No, no, it didn't stop us from travelling at all, but somewhere in all the extra info about the Eyjafjallajökull volcano I read that the last time it blew there was a spot of global warming over northern Europe and there was an unusually hot summer. Clutching at this straw, I suggested going to the UK for our hols. 

It was fitting that the day we drove onto the moors it was raining. It's not that it was often raining when I went to Dartmoor. In fact my memories are mainly sunny with one extremely foggy, snowy day. No, it was right because it fit the image I had in my head. An image that I had completely failed to express to the Frog. It was high up, flat, the flora was different, the trees were different, there are tors (which I had to explain) and ponies. It was beautiful and savage. But I knew there was something that I was completely missing in my pitiful descriptions. The colours, the smells of course, but there was something else. 

'Stop here,' I announced because there was a place to park and a herd of sheep and goats grazing. We got out the car, woke up the sausage and wrapped her up in her rain coat and began walking towards the Tor. On the way I took some pictures, laughed, waved my arms around at the moor, avoided the sheep, goat and cow poo, and slowly I realised what it was that I had missed. 

'That's what is so different! It's the ground!'

'The moss?' 

'No, yes! When you walk.' 

It's like walking in a pair of brand new Doc Martens. You know, that day when you walk around carefully avoiding all drawing pins (difficult in my profession) and you try to bound higher each step. And yet it is infinitely different, because no matter how wild or cold or covered in sheep droppings, the ground in Dartmoor invites you to lie down and roll around. It's like the most perfect mattress you could ever have. 

We didn't do it though, our toes got a little cold, and our ears began to tingle as the wind whistled by and we sought the refuge of the car.

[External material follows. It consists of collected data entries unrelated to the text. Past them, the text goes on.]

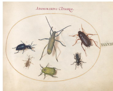
Musk Beetle, Oil Beetle, Tansy Beetle(?), Cockroach, Leaf-Footed Bug, and Other Insects (plate 43)

Rotation 3: August 11–September 21, 2025
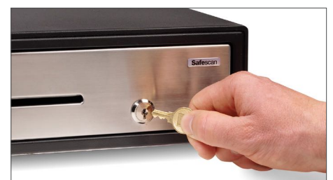
With 3-position lock (locked, stand-by and open)
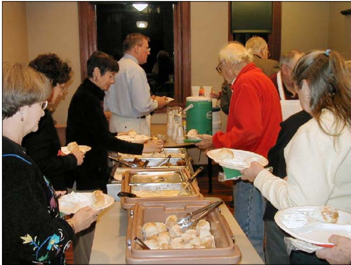
Above, Food a-plenty for hungry sailors and guests

There are many additional photographs on the Club website: www.bluevalleyvachtclub.org
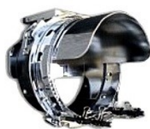
1 x hoop station per machine for easy snap in & snap out preparation of caps
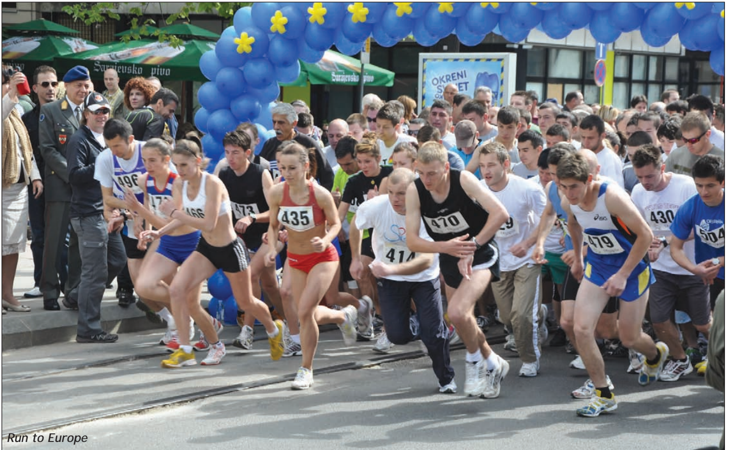
Run to Europe
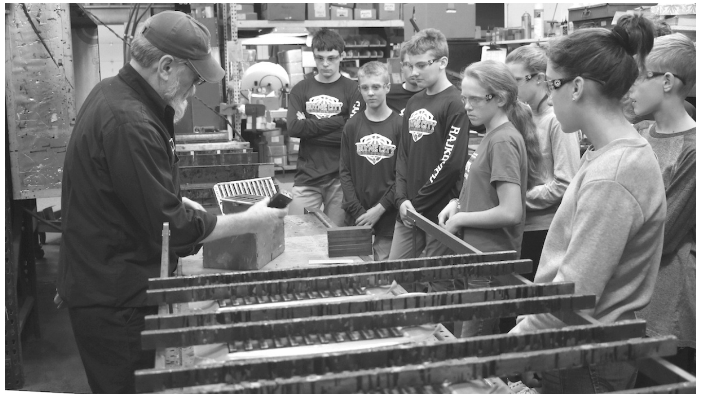
Char-Em Intermediate School District juniors and seniors will have the opportunity to tour some of the region's most unique and important manufacturing facilities Oct. 8-10, as National Manufacturing Day returns to Northern Michigan.

Char-Em Intermediate School District juniors and seniors will have the opportunity to tour some of the region's most unique and important manufacturing facilities Oct. 8-10, as National Manufacturing Day returns to Northern Michigan. Tours will take place during the school day at numerous plants in Charlevoix, Emmet and Antrim counties, as well as a few in Cheboygan and Presque Isle counties near to the ISD's northern districts.
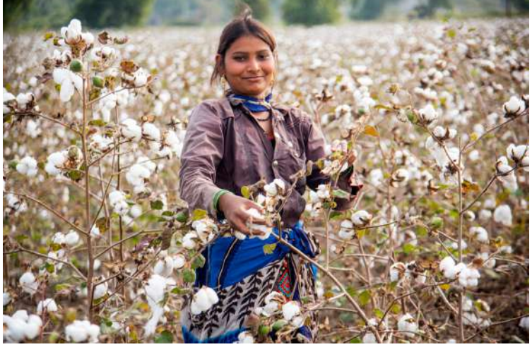
Indian woman harvesting cotton in a cotton field, Maharashtra, India.

As stated previously, the replacement of an HHP with another synthetic chemical pesticide may be unnecessary given that so many agroecological. cultural. mechanical and available. The biological options are replacement of an HHP with another chemical pesticide may be an option as a temporary measure, while long-term more sustainable options are sought or developed or when no other non-chemical option is available. Nevertheless, it should be borne in mind that all chemical pesticides have some undesirable health and
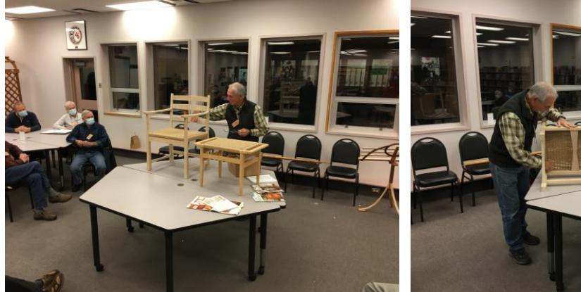
Describing the features and design process

The chair and bench are made from local Big Leaf Maple with Danish Cord woven seats. I found the design ideas from projects viewed in Fine Woodworking magazines and adapted 2 different designs in the final chair design. The main focus of the presentation was to discuss the pleasures of doing Danish Cord weaving. The two projects had two different weaving styles. The chair has a standard style using concealed L shaped nails to hold the cord and the bench is a split rail weaving style in which nails are not needed for the weave portion. The finishing technique of bleaching wood to remove colour prior to the finish was used on the chair then both pieces were waxed.
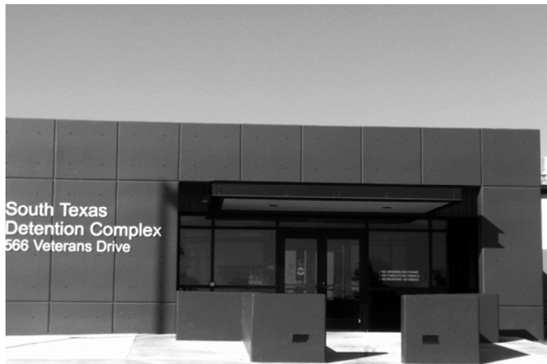
South Texas Detention Center in Pearsall holds almost 1,500 ICE detainees.

Yet two years later, the overwhelming majority of detained asylum seekers and other civil immigration law detainees are still held in jails or jail-like facilities—almost 400,000 detainees each year, at a cost of over $2 billion. At these facilities, asylum seekers and other immigrants wear prison uniforms and are typically locked in one large room for up to 23 hours a day; they have limited or essentially no outdoor access, and visit with family only
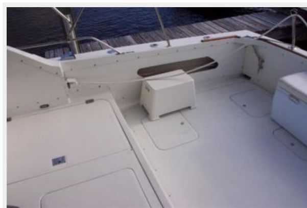
Cockpit to starboard
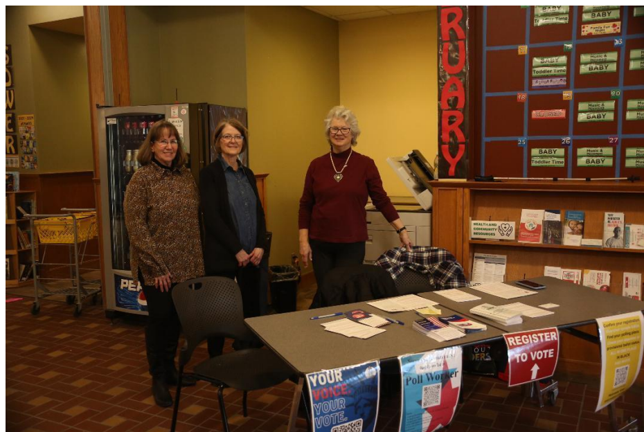
Voter Registration, Gere Library, February 17, 2024
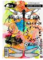
Visible Image - Clear Photopolymer...
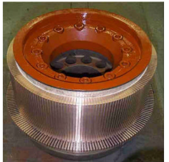
An Example of a Machined Commutator

UK sole agents for TriTool Inc. Portable Machine Tools
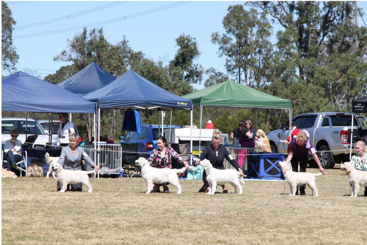
Photo below L/R Wembury Turn the Other Cheek, Montego euro Diamond Dancer, Askaval Frozen in Time, BLuebreeze Second from the Sun, Kulabay Catcher of Dreams
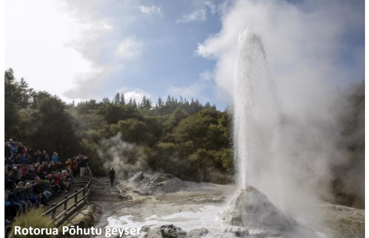
Rotorua Pōhutu geyser

The drive from Lake Tekapo to Queenstown is one of the most beautiful road trips in New Zealand. A quick stop at Pukaki Lookout Point for a panoramic view of Mt Cook . Stop at High Country Alpine Salmon Farm for salmon tasting (at own expenses). Next to Cromwell , Mrs Jones Fruits Stall , one of the best-known fruit stalls in Central Otago, stocks a huge array of fresh fruits, dried fruits, nuts, honey products etc. Enjoy the stunning views as you ride the Skyline Gondola cable car high above Queenstown and Lake Wakatipu to the top of Bob's Peak . The best views in the region spread out in a spectacular 220-degree panorama with breath taking views of Coronet Peak , The Remarkables mountain range and across Lake Wakatipu to Cecil and Walter Peak .
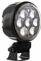
Part Number 0549841 12-24V LED Work Light with Trapezoid Pattern
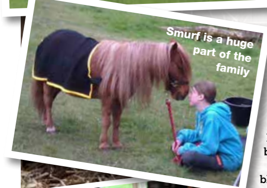
Smurf is a huge part of the family
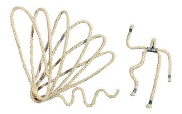
Figure wire, Ø 8 mm 10,65 CHF (1 m = 2,13 CHF) Item details Quantity: 1
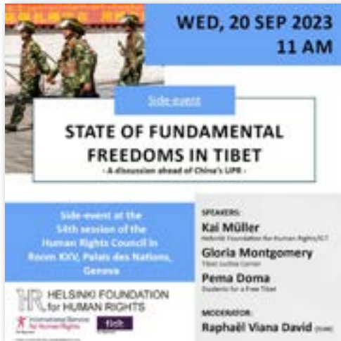
The poster of the side-event to the 54th Session of the UN Human Rights Council on the situation in Tibet organised by ICT on behalf of the Helsinki Foundation for Human Rights

We also supported the UN Team's work ahead of China's review by the UN Committee on Economic, Social and Cultural rights, as well as its 4th Universal Periodic Review (that took place at the beginning of 2024), including the production of a joint submission with FIDH on the situation in Tibet since the last review and the organization of a side-event on "The state of fundamental freedoms in Tibet" during the 54th session of the Council in September. Closer to the review, we also sent out advocacy letters and had meetings with EU diplomats to urge their countries to make strong recommendations on Tibet during the review.
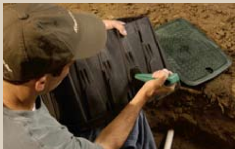
Knock-outs are easily removed.
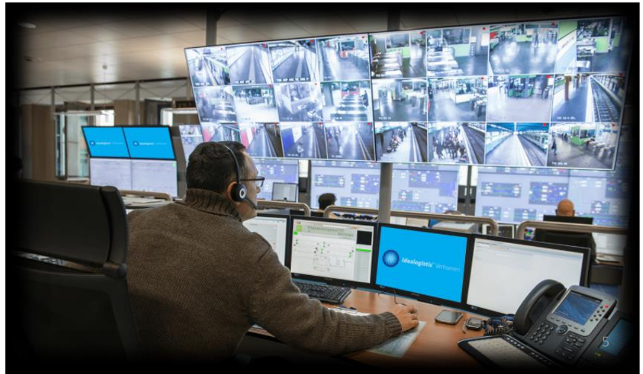
Lower right: Remote Monitoring Control & Customer Service Center
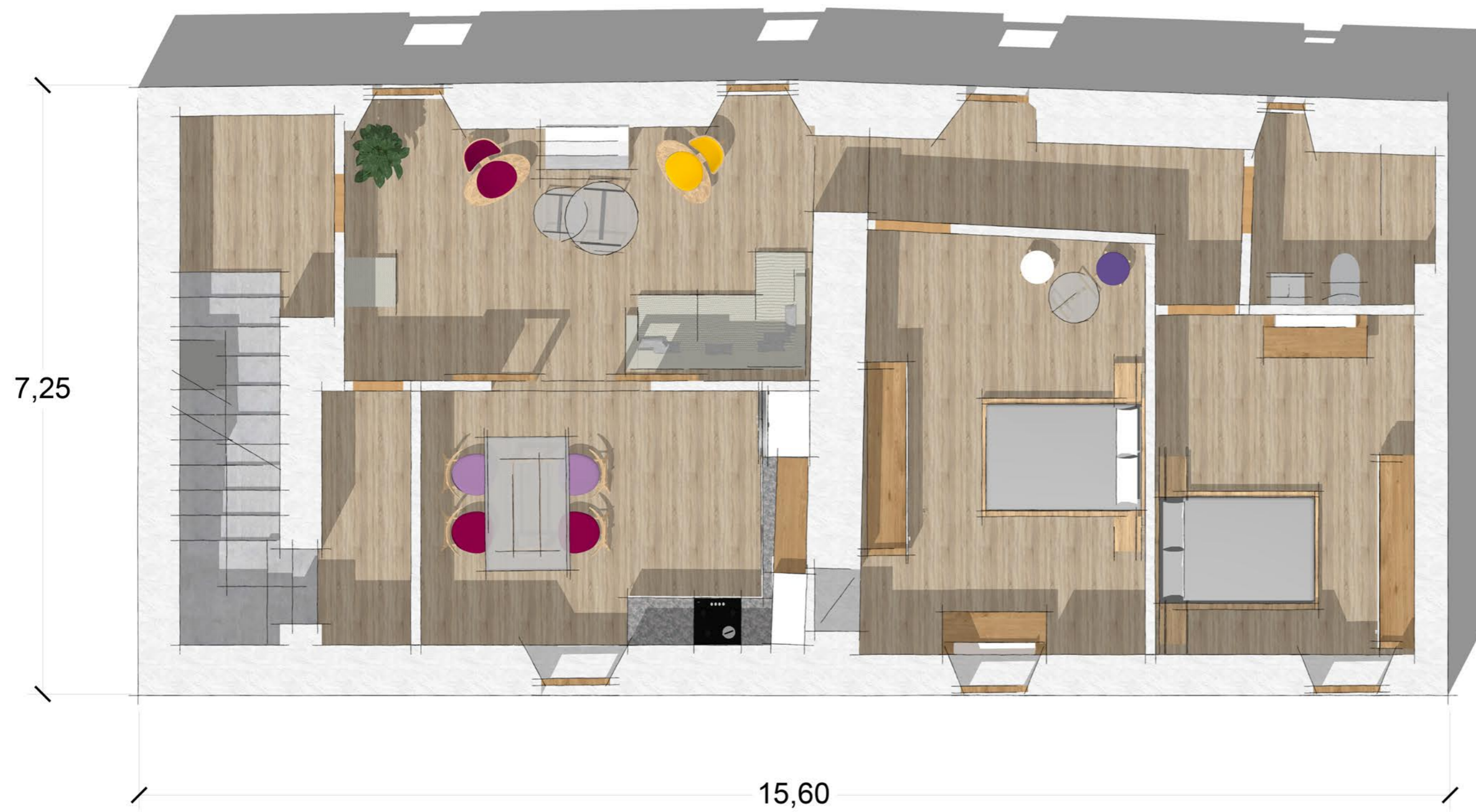
PIANO PRIMO SC 1:50 M2 LORDI 111.78

We climbed higher and higher and eventually the sun broke through revealing a beautiful view down to the Burrator reservoir and on our left we spotted a sign for Badger's Holt. 

'Cream Tea!'


Nicky S (Absolute Vanilla) said...

where were you when I was trying to use Dartmoor as one of my settings?!

verilion said...

Didn't I reply? I did, I remember writing stuff, but see, I forgot about the bouncy ground.